6.6 KiB
6.6 KiB
Brazilian GLAM Geocoding Enrichment Report - v3.0
Generated: 2025-11-06 09:34:04
Summary
This report documents the geocoding enrichment process for Brazilian heritage institutions using the Nominatim API (OpenStreetMap).
Input/Output Files
- Input:
brazilian_institutions_curated_v2.yaml - Output:
brazilian_institutions_geocoded_v3.yaml - Cache:
geocoding_cache.yaml
Overall Statistics
| Metric | Before (v2) | After (v3) | Change |
|---|---|---|---|
| Total records | 97 | 97 | - |
| Records with cities | 8 (8.2%) | 58 (59.8%) | +50 |
| Records with coordinates | 0 (0.0%) | 50 (51.5%) | +50 |
| OpenStreetMap identifiers | 0 | 50 | +50 |
Geocoding Performance
| Category | Count | Percentage |
|---|---|---|
| Already had cities | 8 | 8.2% |
| Successfully geocoded | 50 | 51.5% |
| Failed geocoding | 39 | 40.2% |
| Total with cities (v3) | 58 | 59.8% |
Target Achievement
- Target: 60% city coverage (58 records minimum)

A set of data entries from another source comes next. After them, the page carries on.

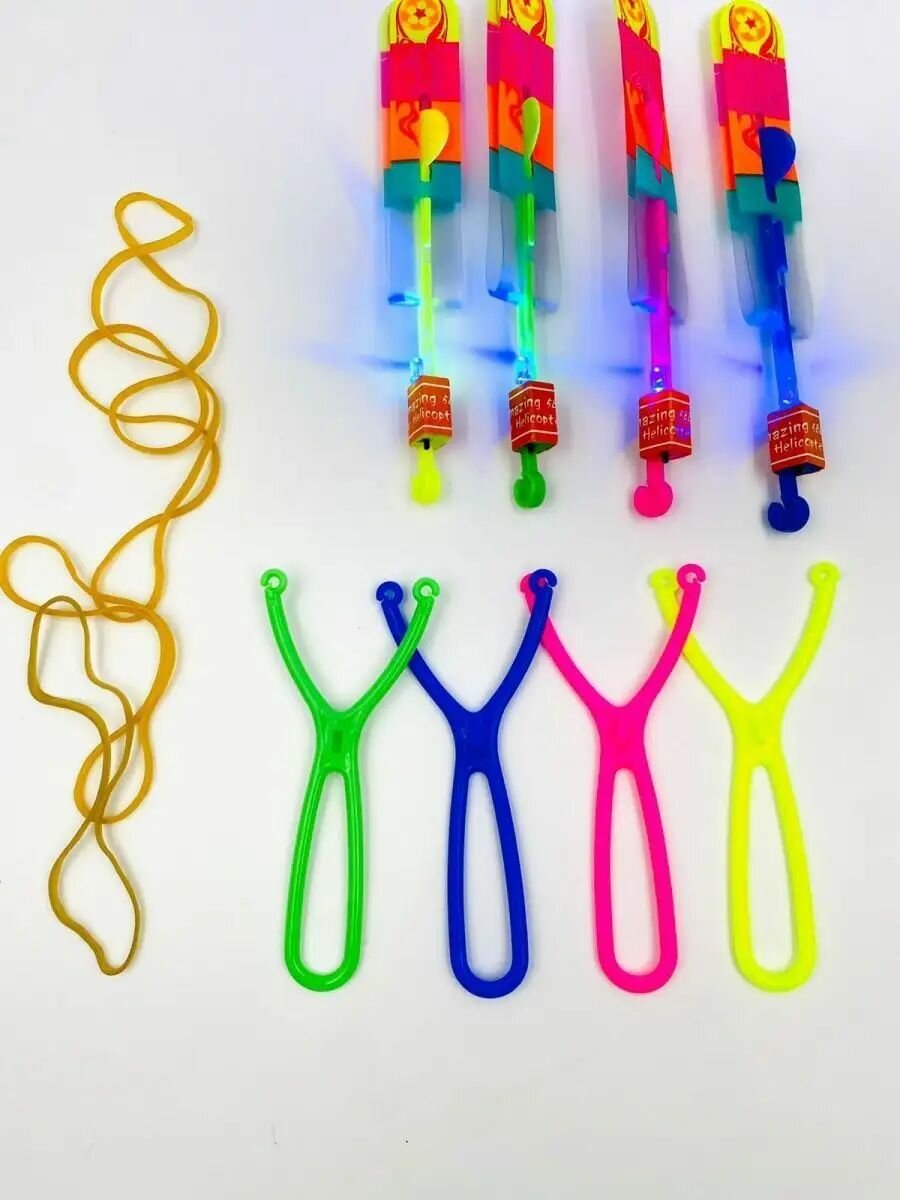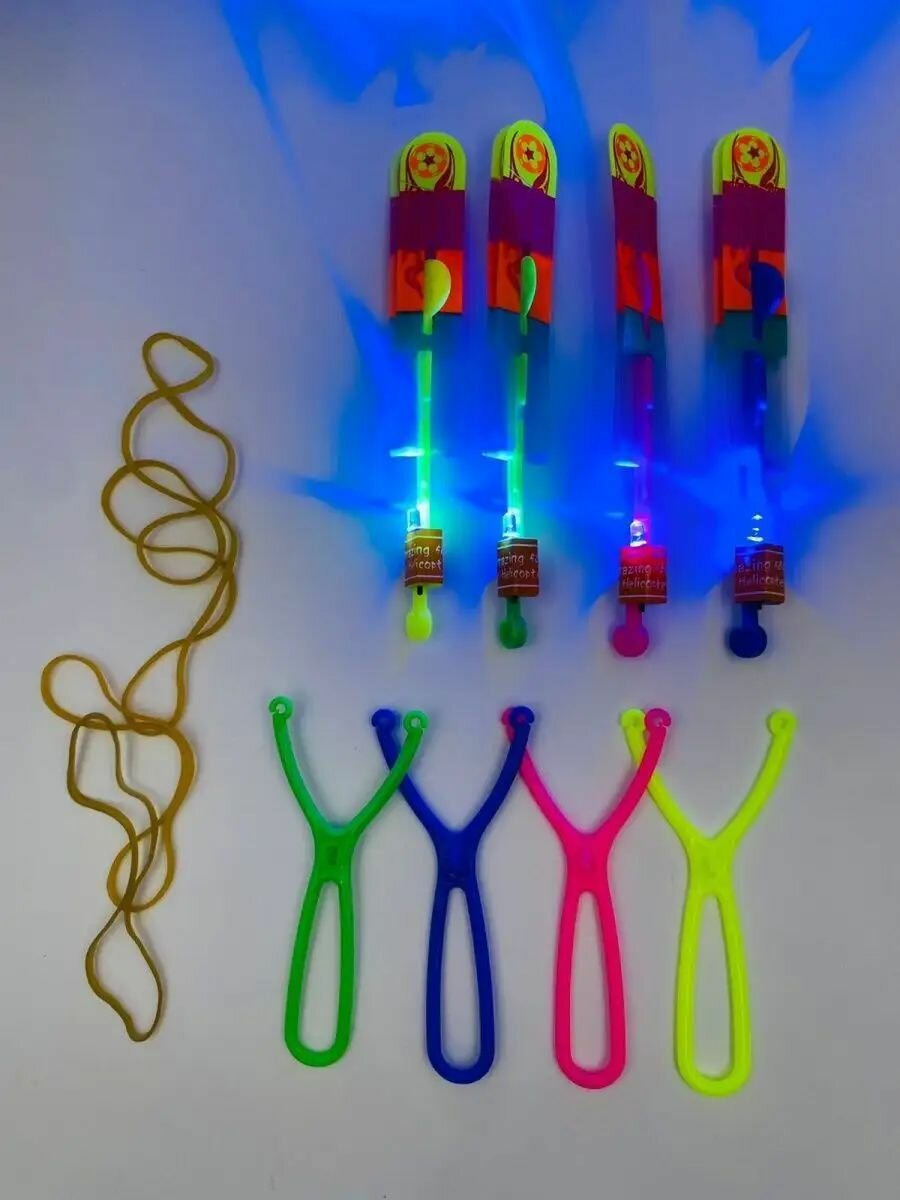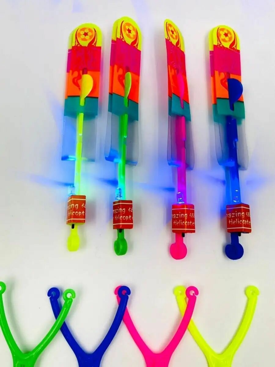 Рогатка вертолет светящийся/Светящийся вертолетик/Вертушка/ набор 4 штук/ рогатка светодиодная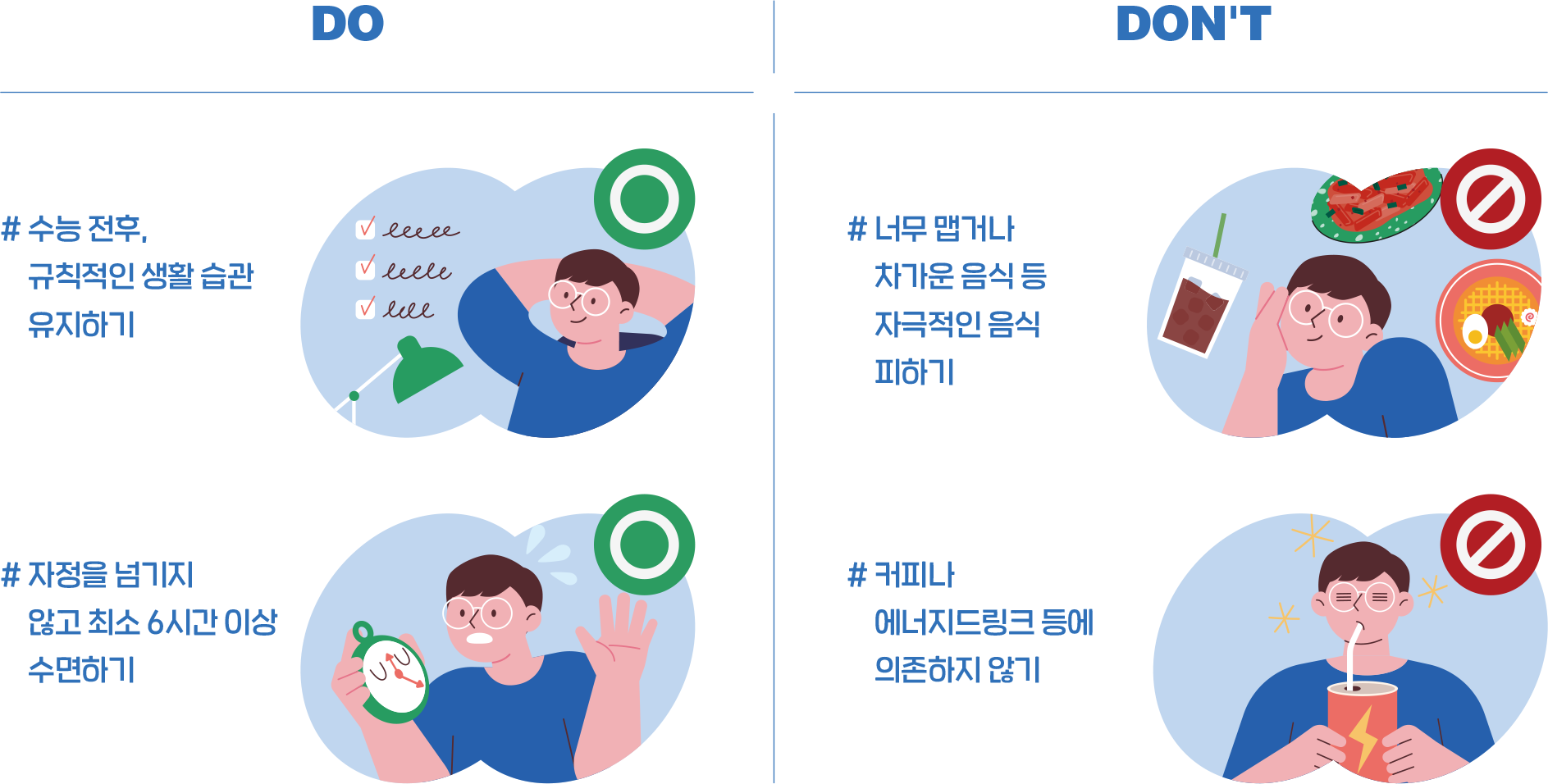 가까워진 대학수학능력시험에 마음이 조급해 끼니를 거르거나 수면 시간을 대폭 줄이는 등 갑작스레 생활 습관은 바꾸는이들이 있다. 하지만 가장 중요한 것은 규칙적인 생활 습관이다. 기존의 공부해 오던 스타일과 평정심을 유지하고 적절한 수면시간을 통해 규칙적인 생활 습관을 유지해야 시험 당일에도 긴장하지 않고 평소대로 임할 수 있다. 특히 규칙적인 수면시간은 적절하게 뇌가 휴식할 수 있는 시간을 줌으로써, 낮에 집중력과 기억력, 판단력 등을 높이는 데 도움이 된다. 적절한 수면시간은 자정을 넘기지 않고 잠들어 최소 6시간 정도의 수면시간을 유지하도록 한다. 하나 더, 규칙적인 식사는 위산이 제때 분비되어 원활한 소화를 돕는다. 식사를 할 때는 너무 맵거나 차가운 음식 등 자극적인 음식을 피하고, 두뇌에 필요한 영양을 주는 베리류, 등 푸른 생선, 다크 초콜릿, 녹색 채소, 견과류 등을 섭취한다. 또한 잠을 깨우려는 용도로 커피나 에너지드링크에 의지할 경우 두근거림이나 현기증을 유발해 집중력을 흩트릴 수 있으니 유의해야 한다.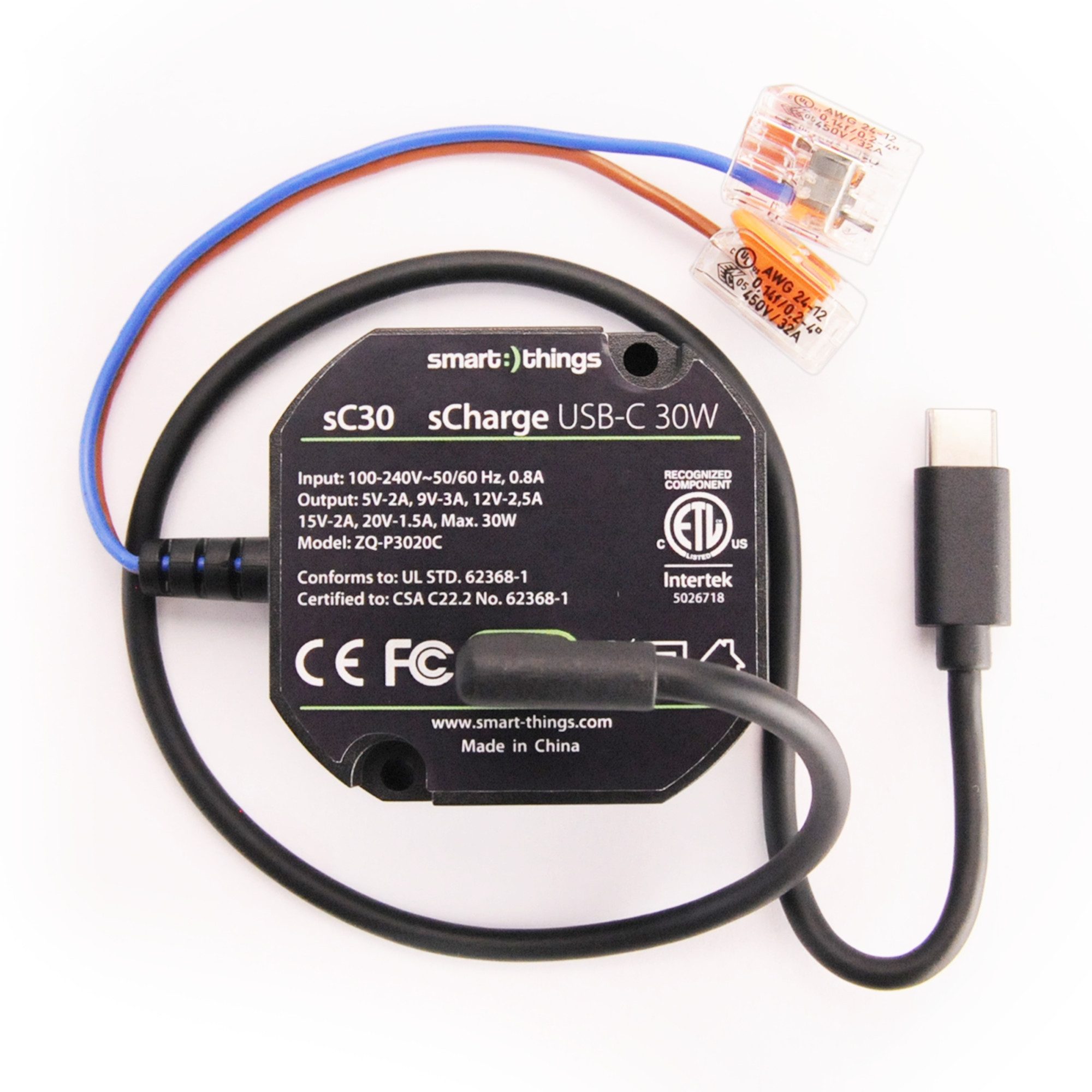 30W Unterputz-Stromversorgung 230V zu USB-C PD, inkl. Kabel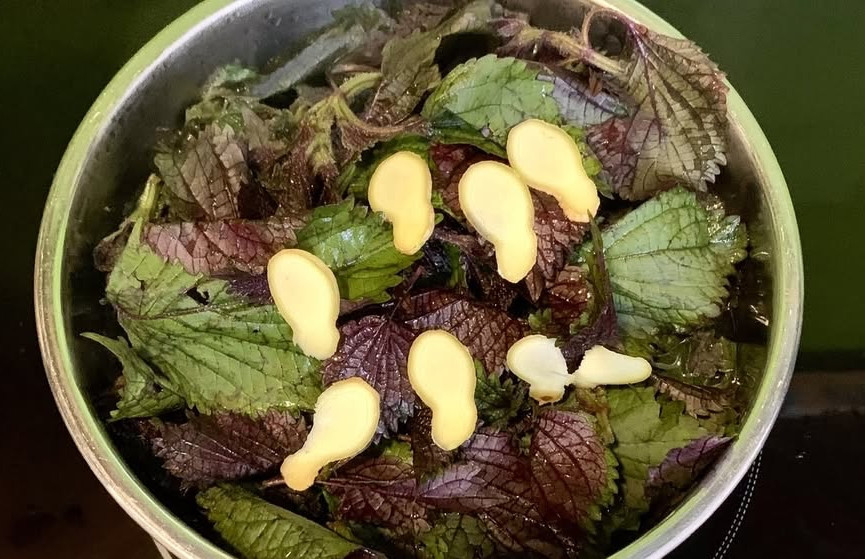 Lá tía tô kết hợp với gừng, có thể tạo thành bài thuốc dân gian hỗ trợ giải cảm, giảm ho, đau bụng và cả giảm cân. (Ảnh minh hoạ)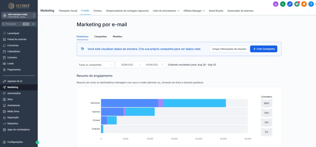 Crie campanhas de e-mail para nutrição de leads e follow-UP.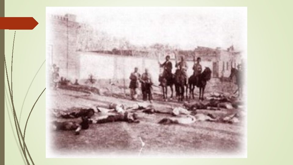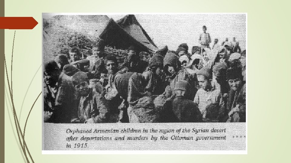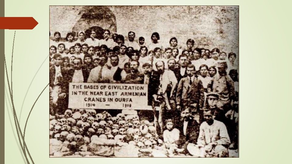 The Genocide Begins In 1914, Turkey entered WWI against Russia = a military disaster Turkey accused the Armenians of aiding Russia. On April 24, 1915 -Turkish authorities arrested and executed Armenian leaders in Constantinople. This date would be forever remembered as the beginning of the Armenian genocide. https: //www. youtube. com/watch? v=7 z 9 Ce. LBi 64 Q BBC clip 5: 44 https: //www. youtube. com/watch? v=g. E-XI 6 bl. XB 0 A Story of Armenian Genocide https: //www. youtube. com/watch? v=Xq 9 Fg. RQc. JXQ Women survivor English 5: 26 https: //www. youtube. com/watch? v=b. AAq 1 z. SXCug Survivors speaking 100 th Ann 8: 30 https: //www. youtube. com/watch? v=BSchiq. WIB 6 g Alt His 3; 88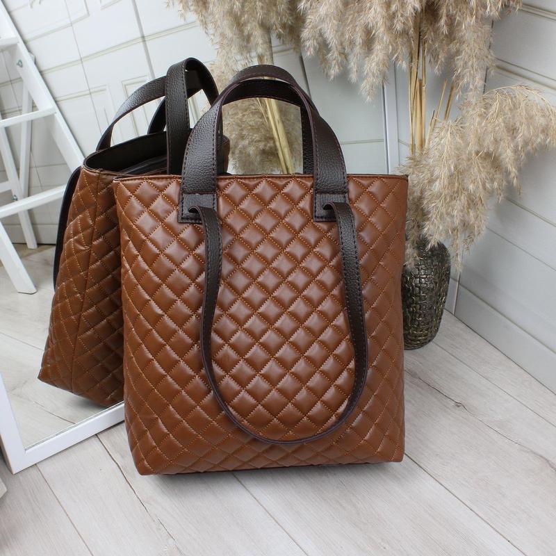 🔥Большая вместительная сумка. Вмещает формат А4♥️ Код: Д612 Цвет: терракот. Материал: эко кожа. Подкладка-плотная ткань. Размер: ширина по дну 30см. Высота 35 см, дно 11 см. Высота плечевых ручек 29 см. ✅Сумка закрывается на молнию, в середине открытый карман и потайной карман на молнии. Производство 🇺🇦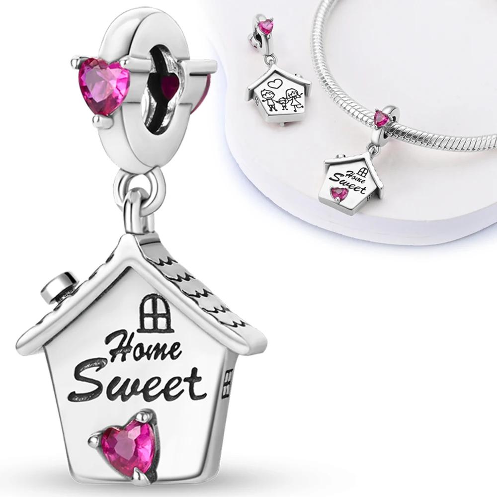 Charm Bead Charms copper Happy Home Pink Heart Bead Charms Compatible With Charm Bead Charms Plata Authentic Bracelets Bead Charms Women Jewellery Mak

- Achieved: 58 records (59.8%)
- Status: ✓ TARGET MET
Geographic Distribution
Cities Found (41 unique cities)
Top 15 cities by institution count:
- Belém: 4 institutions
- Brasília: 3 institutions
- Recife: 3 institutions
- Rio de Janeiro: 3 institutions
- Rio Branco: 2 institutions
- União dos Palmares: 2 institutions
- Macapá: 2 institutions
- Manaus: 2 institutions
- Campo Grande: 2 institutions
- Teresina: 2 institutions
- Natal: 2 institutions
- Palmas: 2 institutions
- Maceió: 1 institution
- Santo Amaro: 1 institution
- Salvador: 1 institution
States with Geocoded Institutions (26 states)
- ACRE: 2 institutions in 1 city
- ALAGOAS: 3 institutions in 2 cities
- AMAPÁ: 2 institutions in 1 city
- AMAZONAS: 2 institutions in 1 city
- BAHIA: 2 institutions in 2 cities
- CEARÁ: 2 institutions in 2 cities
- DISTRITO FEDERAL: 3 institutions in 1 city
- GOIÁS: 1 institutions in 1 city
- MARANHÃO: 3 institutions in 3 cities
- MATO GROSSO: 1 institutions in 1 city
- MATO GROSSO DO SUL: 2 institutions in 1 city
- MINAS GERAIS: 2 institutions in 2 cities
- PARANÁ: 3 institutions in 3 cities
- PARAÍBA: 3 institutions in 3 cities
- PARÁ: 4 institutions in 1 city
- PERNAMBUCO: 3 institutions in 1 city
- PIAUÍ: 2 institutions in 1 city
- RIO DE JANEIRO: 2 institutions in 1 city
- RIO GRANDE DO NORTE: 3 institutions in 2 cities
- RIO GRANDE DO SUL: 2 institutions in 2 cities
- RONDÔNIA: 2 institutions in 2 cities
- RORAIMA: 1 institutions in 1 city
- SANTA CATARINA: 1 institutions in 1 city
- SERGIPE: 3 institutions in 3 cities
- SÃO PAULO: 2 institutions in 2 cities
- TOCANTINS: 2 institutions in 1 city
Failed Geocoding Attempts (39 institutions)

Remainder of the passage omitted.